▶ Work request
All pictures are to be dropped, and everything else in the data duplicated exactly.

▶ Exercise data
****************************************

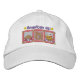 Casquette Patriotique brodé avec des symboles américains bordés de rayures rouges et blanches et d'étoiles dorées sur le bleu aux coins. Tarte à la pomme, baseball et hot dogs avec le texte ci-dessus disant American As :
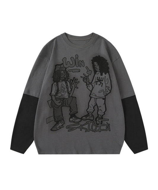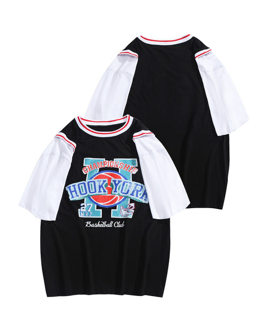 【HOOK】ストリートプリント袖バイカラー切り替えTEE
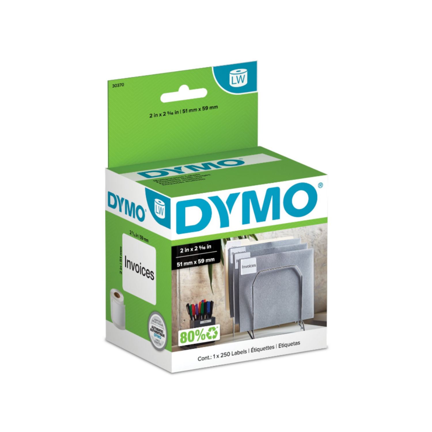 Etiquetas adhesivas Dymo LabelWriter color de blanco de 51mm x 59mm para impresora térmica 450 x 500 unidades
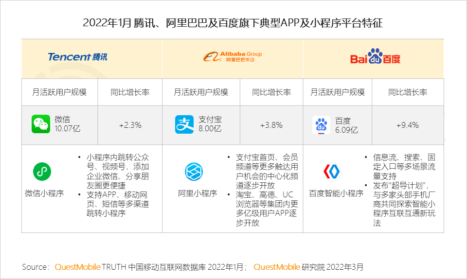 2、BAT基于旗下头部APP流量优势,持续完善小程序平台功能及商业环境,吸引玩家入驻的同时实现对流量价值的深度开发

****************************************

▶ Reply
 Casquette Patriotique brodé avec des symboles américains bordés de rayures rouges et blanches et d'étoiles dorées sur le bleu aux coins. Tarte à la pomme, baseball et hot dogs avec le texte ci-dessus disant American As :
 【HOOK】ストリートプリント袖バイカラー切り替えTEE
 Etiquetas adhesivas Dymo LabelWriter color de blanco de 51mm x 59mm para impresora térmica 450 x 500 unidades
 2、BAT基于旗下头部APP流量优势,持续完善小程序平台功能及商业环境,吸引玩家入驻的同时实现对流量价值的深度开发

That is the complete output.